Model for Proton Transport Coupled to Protein Conformational Change: Application to Proton Pumping in the Bacteriorhodopsin Photocycle

Abstract

A modeling method is presented for protein systems in which proton transport is coupled to conformational change, as in proton pumps and in motors driven by the proton-motive force. Previously developed methods for calculating pKa values in proteins using a macroscopic dielectric model are extended beyond the equilibrium case to a master-equation model for the time evolution of the system through states defined by ionization microstate and a discrete set of conformers. The macroscopic dielectric model supplies free energy changes for changes of protonation microstate, while the method for obtaining the energetics of conformational change and the relaxation rates, the other ingredients needed for the master equation, are system dependent. The method is applied to the photoactivated proton pump, bacteriorhodopsin, using conformational free energy differences from experiment and treating relaxation rates through three adjustable parameters.
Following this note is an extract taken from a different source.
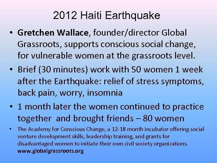 2012 Haiti Earthquake • Gretchen Wallace, founder/director Global Grassroots, supports conscious social change, for vulnerable women at the grassroots level. • Brief (30 minutes) work with 50 women 1 week after the Earthquake: relief of stress symptoms, back pain, worry, insomnia • 1 month later the women continued to practice together and brought friends – 80 women • The Academy for Conscious Change, a 12 -18 month incubator offering social venture development skills, leadership training, and grants for disadvantaged women to initiate their own civil society organizations. www. globalgrassroots. org

The model is found to pump protons with an efficiency relatively insensitive to parameter choice over a wide range of parameter values, and most of the main features of the known photocycle from very early M to the return to the resting state are reproduced. The boundaries of these parameter ranges are such that short-range proton transfers are faster than longer-range ones, which in turn are faster than conformational changes. No relaxation rates depend on conformation. The results suggest that an "accessibility switch", while not ruled out, is not required and that vectorial proton transport can be achieved through the coupling of the energetics of ionization and conformational states.